§ RECORDS SHOWN
=== Section Start ===

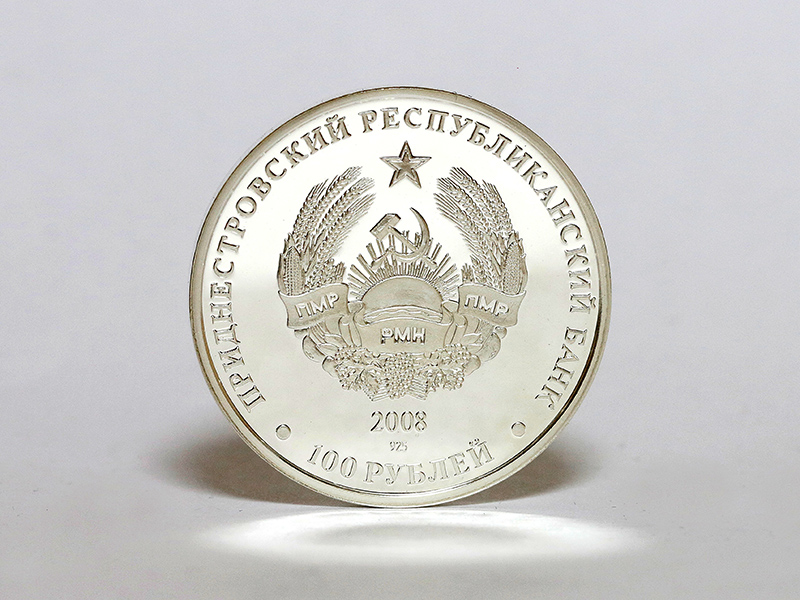 в центре – изображение Государственного герба Приднестровской Молдавской Республики; по кругу – надписи: вверху – «ПРИДНЕСТРОВСКИЙ РЕСПУБЛИКАНСКИЙ БАНК», внизу – «100 РУБЛЕЙ»; в нижней части под гербом – год выпуска монеты «2008», ниже – проба сплава.
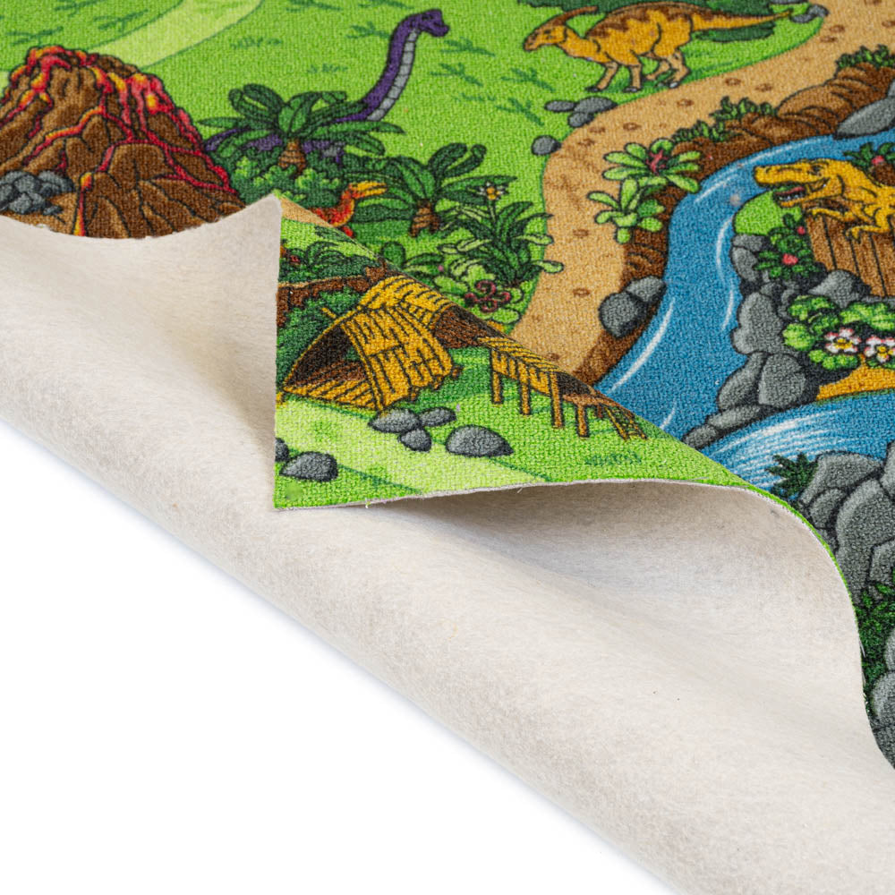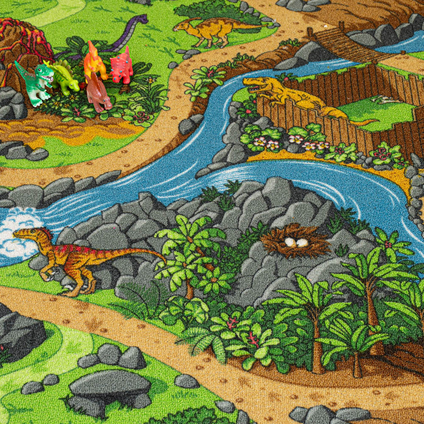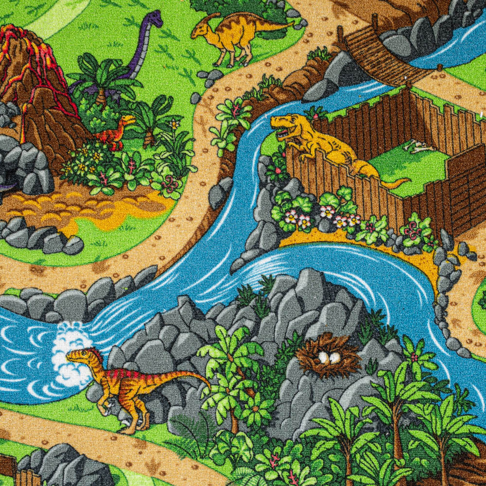 Explore your own dinosaur park with paths, rivers, huts and of course dinosaurs in this spectacular design. With its neat and durable loop pile, this carpet is a great option for many rooms.
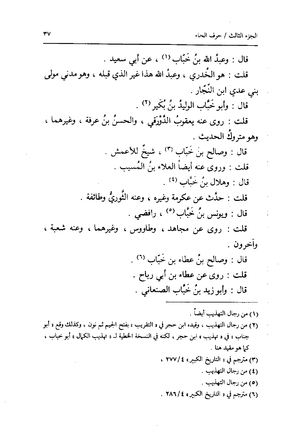 قَالَ: وَعبد الله بن خباب عَن أبي سعيد. قلت: هُوَ الْخُدْرِيّ وَعبد الله هَذَا غير الَّذِي قبله وَهُوَ مدنِي مولى بني عدي ابْن النجار. قَالَ: وَأَبُو خباب الْوَلِيد بن بكير. قلت: روى عَنهُ يَعْقُوب الدَّوْرَقِي وَالْحسن بن عَرَفَة وَغَيرهمَا وَهُوَ مَتْرُوك الحَدِيث. قَالَ: وَصَالح بن خباب شيخ للأعمش. قلت: وروى عَنهُ أَيْضا الْعَلَاء بن الْمسيب. قَالَ: وهلال بن خباب. قلت: حدث عَن عِكْرِمَة وَغَيره وَعنهُ الثَّوْريّ وَطَائِفَة. قَالَ: وَيُونُس بن خباب رَافِضِي. قلت: روى عَن مُجَاهِد وطاووس وَغَيرهمَا وَعنهُ شُعْبَة وَآخَرُونَ. قَالَ: وَصَالح بن عَطاء بن خباب. قلت: روى عَن عَطاء بن أبي رَبَاح. قَالَ: وَأَبُو زيد بن خباب الصَّنْعَانِيّ.
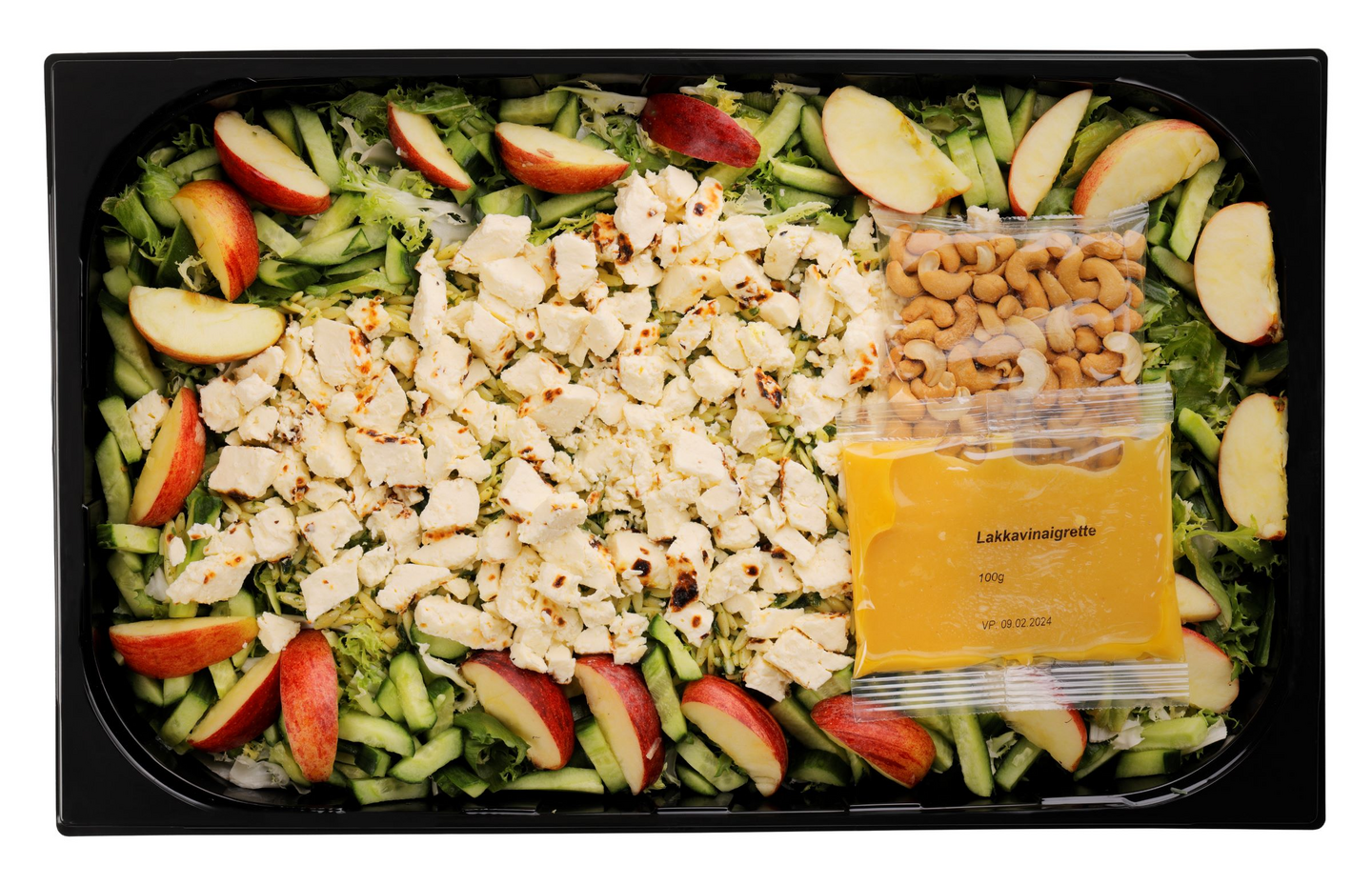 Yrttimaustettu risonipasta (vesi, DURUMVEHNÄJAUHO, ruohosipuli, sitrusvinegretti (rapsiöljy, valkoviinietikka, vesi, sokeri, hunaja, ekstraneitsytoliiviöljy, sitruunamehutiiviste, mandariinimehutiiviste, sitruunankuori, sakeuttamisaineet (E407, E415), aromit, jalopeno), persilja, suola, sitrusmausteseos), leipäjuusto 18 % (pastöroitu MAITO, suola, happamuudensäätöaine (E509)), omena (sis. hapettumisenestoaine (E302)), kurkku, salaattisekoitus (frisee- ja jääsalaatti).
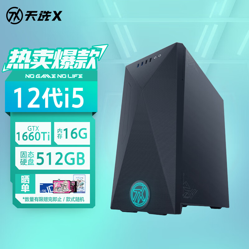 华硕天选X 2022电竞游戏台式机电脑主机(i5-12400F 16G 512GSSD GTX1660Ti 6G独显 wifi)价格:4499.00元!

=== Section End ===

§ TASK GOAL
Please output the lines above beginning at the line with "Explore your own" and ending after the line with "قَالَ: وَعبد الله", precisely as written and with no pictures.

§ PROBLEM SOLUTION
 Explore your own dinosaur park with paths, rivers, huts and of course dinosaurs in this spectacular design. With its neat and durable loop pile, this carpet is a great option for many rooms.
 قَالَ: وَعبد الله بن خباب عَن أبي سعيد. قلت: هُوَ الْخُدْرِيّ وَعبد الله هَذَا غير الَّذِي قبله وَهُوَ مدنِي مولى بني عدي ابْن النجار. قَالَ: وَأَبُو خباب الْوَلِيد بن بكير. قلت: روى عَنهُ يَعْقُوب الدَّوْرَقِي وَالْحسن بن عَرَفَة وَغَيرهمَا وَهُوَ مَتْرُوك الحَدِيث. قَالَ: وَصَالح بن خباب شيخ للأعمش. قلت: وروى عَنهُ أَيْضا الْعَلَاء بن الْمسيب. قَالَ: وهلال بن خباب. قلت: حدث عَن عِكْرِمَة وَغَيره وَعنهُ الثَّوْريّ وَطَائِفَة. قَالَ: وَيُونُس بن خباب رَافِضِي. قلت: روى عَن مُجَاهِد وطاووس وَغَيرهمَا وَعنهُ شُعْبَة وَآخَرُونَ. قَالَ: وَصَالح بن عَطاء بن خباب. قلت: روى عَن عَطاء بن أبي رَبَاح. قَالَ: وَأَبُو زيد بن خباب الصَّنْعَانِيّ.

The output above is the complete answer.